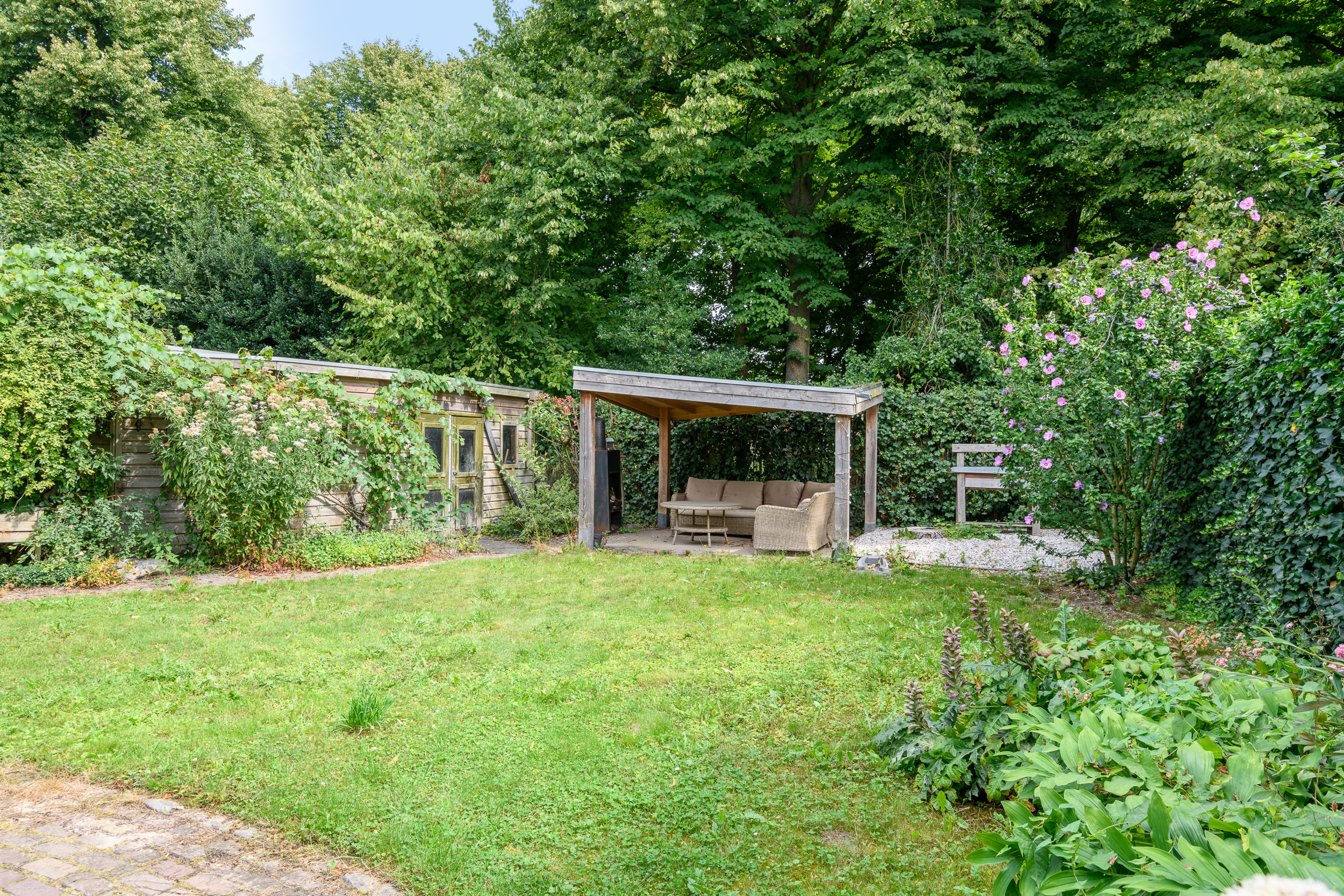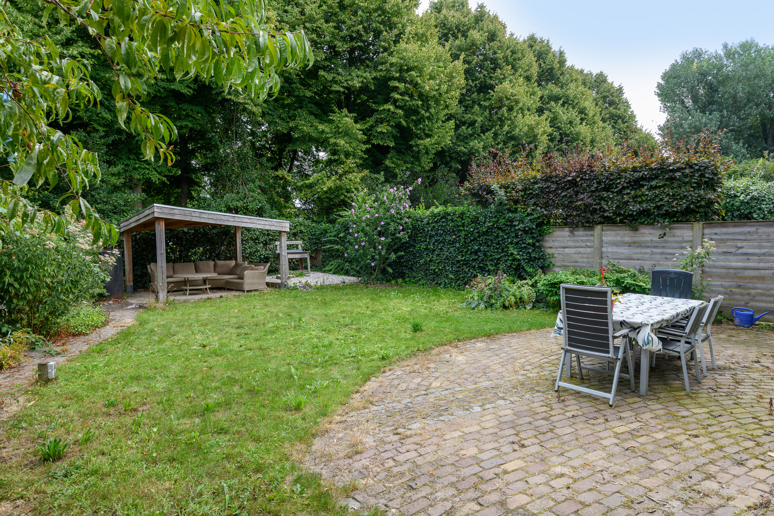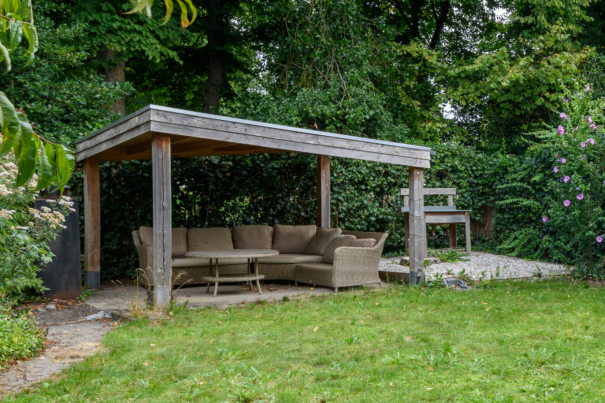 De fraai aangelegde achtertuin op het noordoosten biedt volop privacy dankzij de volgroeide bomen en het ontbreken van directe achterburen. Met een terrasoverkapping en een eigen parkeerplaats aan de voorzijde is ook buiten alles tot in de puntjes verzorgd.
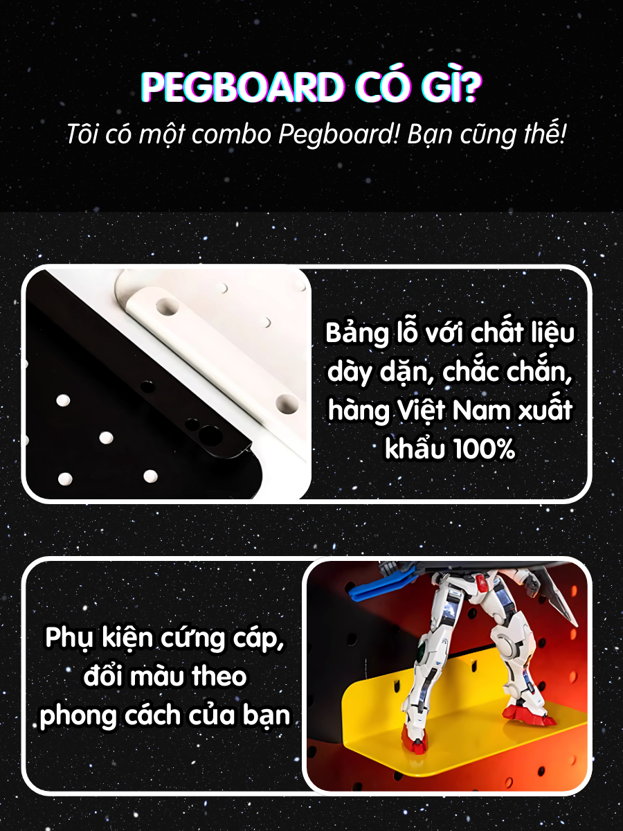 Bảng pegboard có chức năng 3 trong 1, vừa để được chân đứng, vừa kẹp bàn và có thể treo tường 1 cách dễ dàng và linh động.
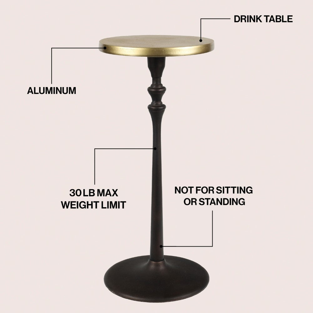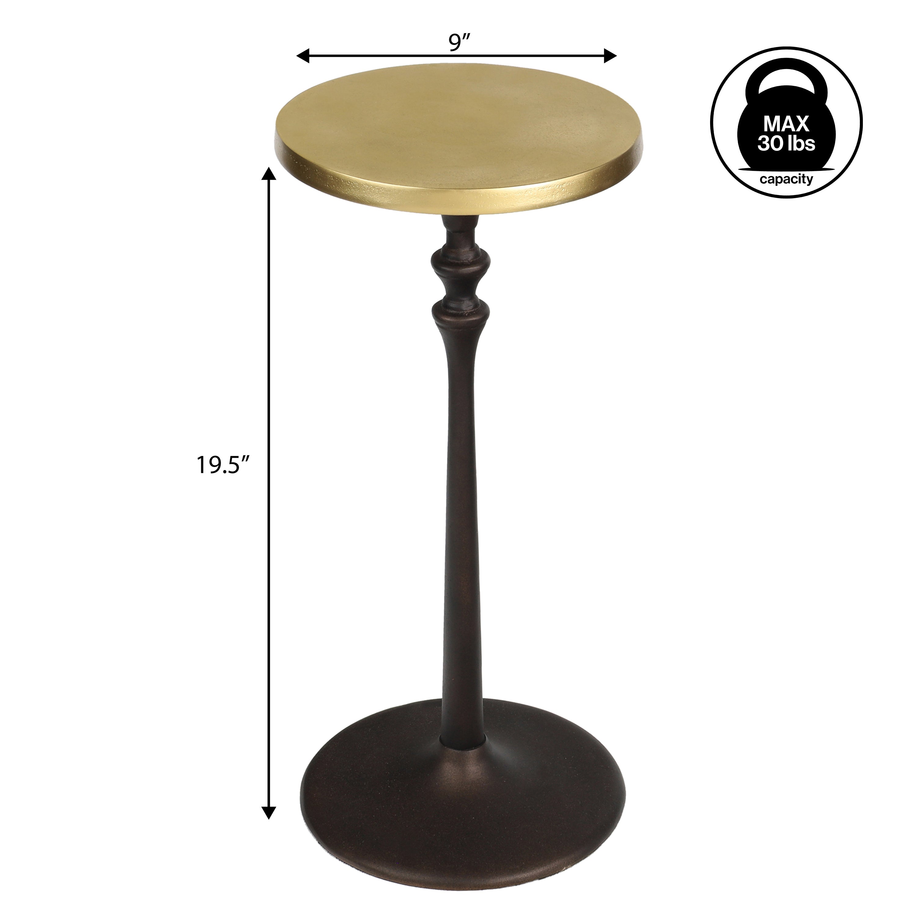 This pedestal accent table features a bold contrast between a metallic top and a sculpted base, creating a striking design statement. The round surface offers a convenient spot for drinks or décor, while the slender pedestal ensures stability with an elegant profile. Ideal for living spaces, entryways, or lounges, this table blends functionality with timeless style.
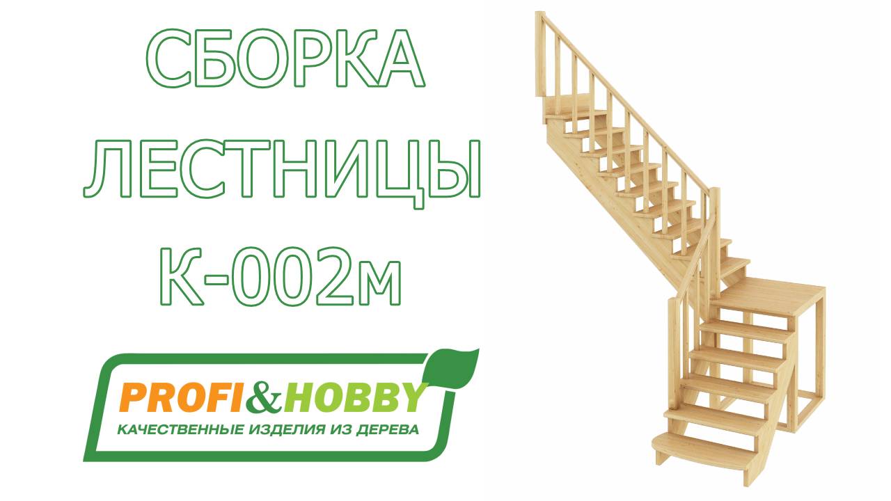 Видео-инструкция по сборке готовой деревянной лестницы Profi&Hobby модель К-002м/1 Л (левая). Лестницы с противоположным заходом собираются в аналогичной последовательности. Функциональная модель сконструирована по классическому принципу марш-площадка-марш, за счет чего отличается повышенной комфортностью и удобством эксплуатации. Традиционный дизайн эстетично впишется в интерьер дома и будет его достойным украшением. Лестница имеет поворот на 90° и выпускается в 4 различных вариантах, что существенно упрощает ее подбор. Для предотвращения скрипа при эксплуатации лестницы не забывайте перед сборкой проклеить все стыки деревянных элементов клеем ПВА или промазать их силиконовым герметиком. Параметры лестницы: Деревянная лестница с прямым маршем и поворотом на 90° Размеры лестницы в плане - 1610х3360 мм Высота - 2925-3120 мм Минимальный проем 2-го этажа должен составлять 3360х920 мм Угол наклона марша - 42° Количество ступеней - 15 шт Толщина ступеней - 40 мм Высота шага ступеней - 195 мм Ширина марша - 900 мм
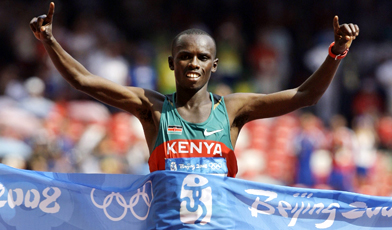 Kenya’s Samuel Kamau Wansiru crosses the finish line to win the men’s marathon, the last event of the athletics competitions finishing in the National Stadium at the Beijing 2008 Olympics in Beijing, Sunday, Aug. 24, 2008. (AP Photo/Anja Niedringhaus)
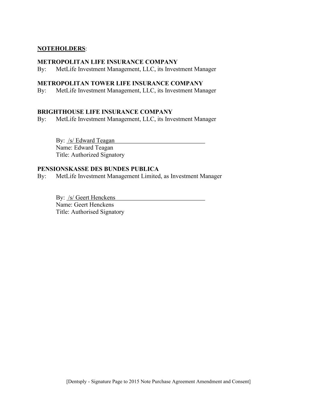 [Dentsply - Signature Page to 2015 Note Purchase Agreement Amendment and Consent] NOTEHOLDERS: METROPOLITAN LIFE INSURANCE COMPANY By: MetLife Investment Management, LLC, its Investment Manager METROPOLITAN TOWER LIFE INSURANCE COMPANY By: MetLife Investment Management, LLC, its Investment Manager BRIGHTHOUSE LIFE INSURANCE COMPANY By: MetLife Investment Management, LLC, its Investment Manager By: /s/ Edward Teagan Name: Edward Teagan Title: Authorized Signatory PENSIONSKASSE DES BUNDES PUBLICA By: MetLife Investment Management Limited, as Investment Manager By: /s/ Geert Henckens Name: Geert Henckens Title: Authorised Signatory
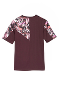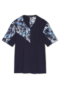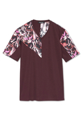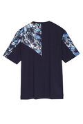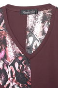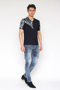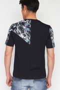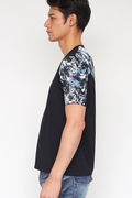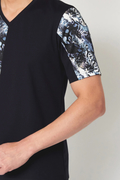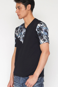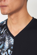 パイソンプリントのシャツ生地をアシメトリーにパネル切り替えしたVネックTシャツ。
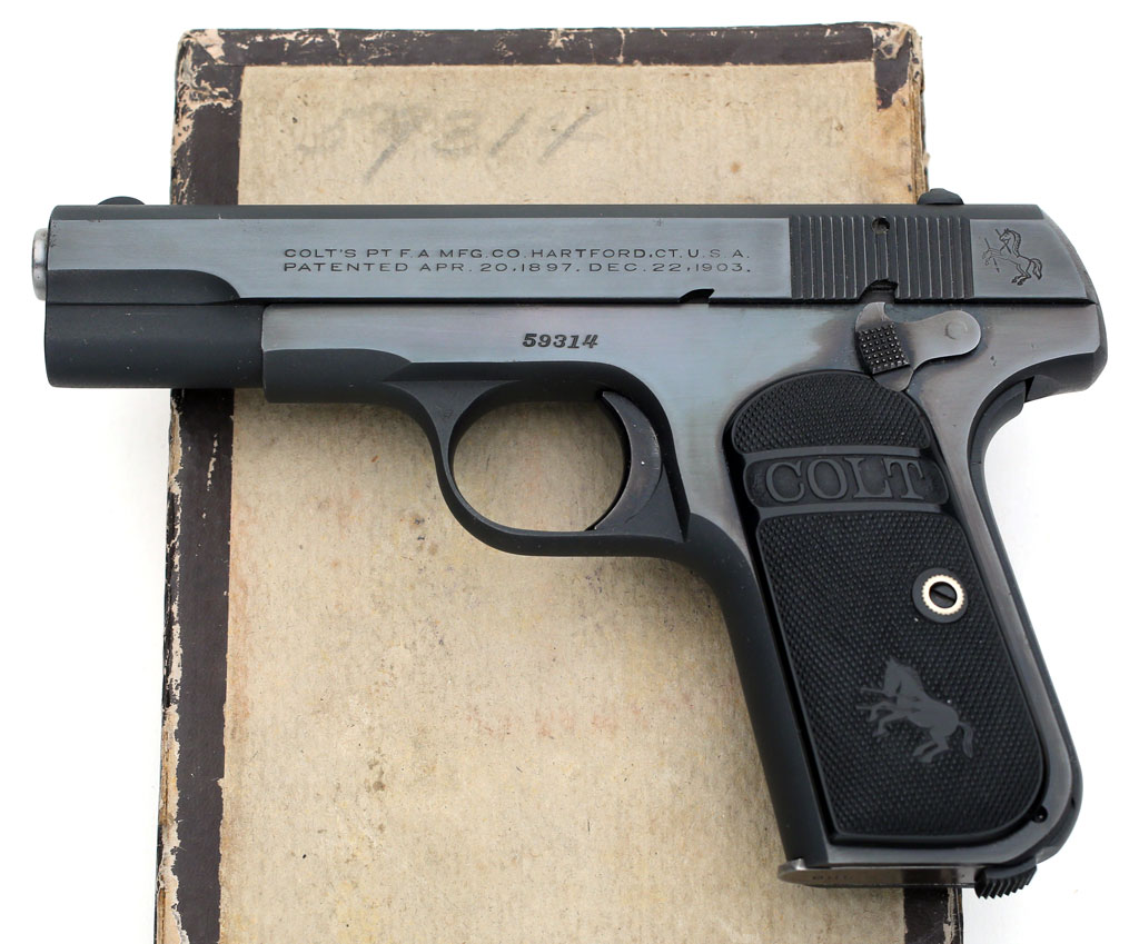 Colt Pocket Hammerless 1908 .380 ACP serial number 59314 (ca. 1921)  - sitting on top of original box numbered to the gun.
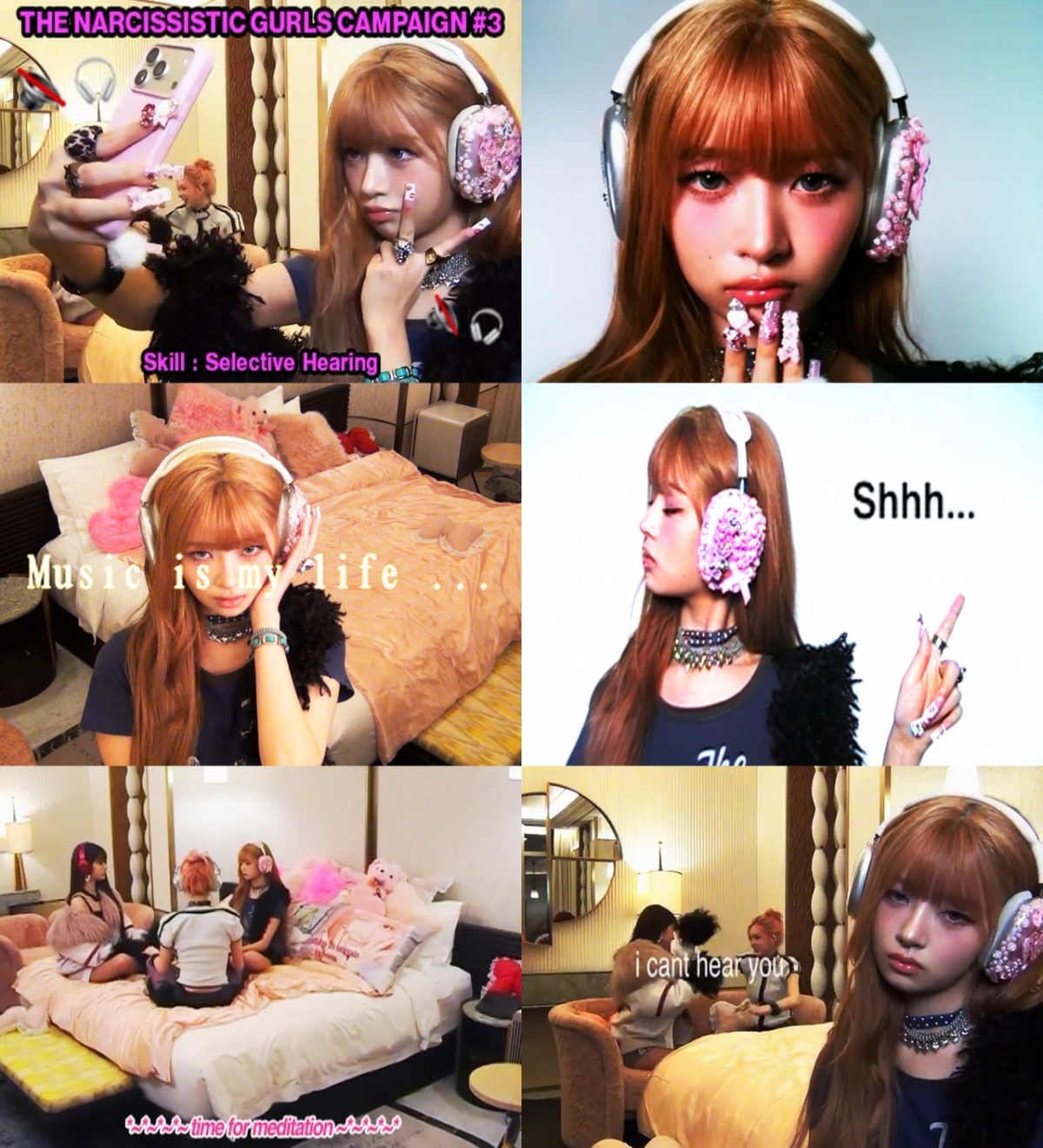 공개된 사진과 짧은 영상에는 두 멤버가 각자의 방식으로 자기애를 정의하는 장면들이 담겼다. 먼저 레이는 키치하게 꾸며진 헤드폰과 네일아트가 돋보이는 스타일링으로 트렌디한 무드를 완성했다. 'Skill : Selective Hearing(선택적 청취)'이라는 자막과 함께 주변의 소란 속에서도 자신의 세계와 음악에 몰입하는 레이의 모습은 타인의 시선이나 상황보다 자신의 내면과 좋아하는 것에 집중하는 주체적인 태도를 드러냈다. 특히 멤버들과 둘러앉아 명상에 집중하는 장면에서는 "나는 그냥 예쁘다 / 이유는 없다 / 존재가 이유다"라는 나레이션이 더해지며, 나르시시즘을 당당한 자기 긍정의 에너지로 풀어냈다.
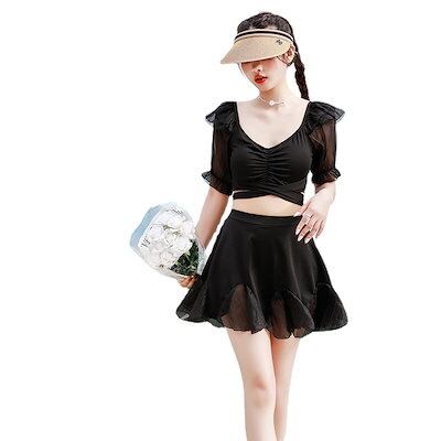 水着 競泳 別体 純色 セクシーハイウエスト痩せ見せ 純欲 バンド 温泉ワンピース 体型カバー 韓国
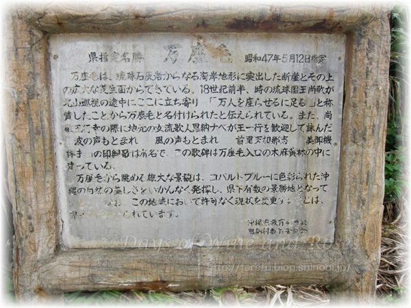 万座毛にあった説明書きによれば、琉球石灰岩からなる突きだした断崖とその上の広大な芝生面を万座毛と呼ぶとか。

» EXERCISE INSTRUCTIONS
Print each line from the one containing "Colt Pocket Hammerless" through the last line of the listing, both included, exactly and with no pictures.

» ANSWER TO THIS TASK
 Colt Pocket Hammerless 1908 .380 ACP serial number 59314 (ca. 1921)  - sitting on top of original box numbered to the gun.
 공개된 사진과 짧은 영상에는 두 멤버가 각자의 방식으로 자기애를 정의하는 장면들이 담겼다. 먼저 레이는 키치하게 꾸며진 헤드폰과 네일아트가 돋보이는 스타일링으로 트렌디한 무드를 완성했다. 'Skill : Selective Hearing(선택적 청취)'이라는 자막과 함께 주변의 소란 속에서도 자신의 세계와 음악에 몰입하는 레이의 모습은 타인의 시선이나 상황보다 자신의 내면과 좋아하는 것에 집중하는 주체적인 태도를 드러냈다. 특히 멤버들과 둘러앉아 명상에 집중하는 장면에서는 "나는 그냥 예쁘다 / 이유는 없다 / 존재가 이유다"라는 나레이션이 더해지며, 나르시시즘을 당당한 자기 긍정의 에너지로 풀어냈다.
 水着 競泳 別体 純色 セクシーハイウエスト痩せ見せ 純欲 バンド 温泉ワンピース 体型カバー 韓国
 万座毛にあった説明書きによれば、琉球石灰岩からなる突きだした断崖とその上の広大な芝生面を万座毛と呼ぶとか。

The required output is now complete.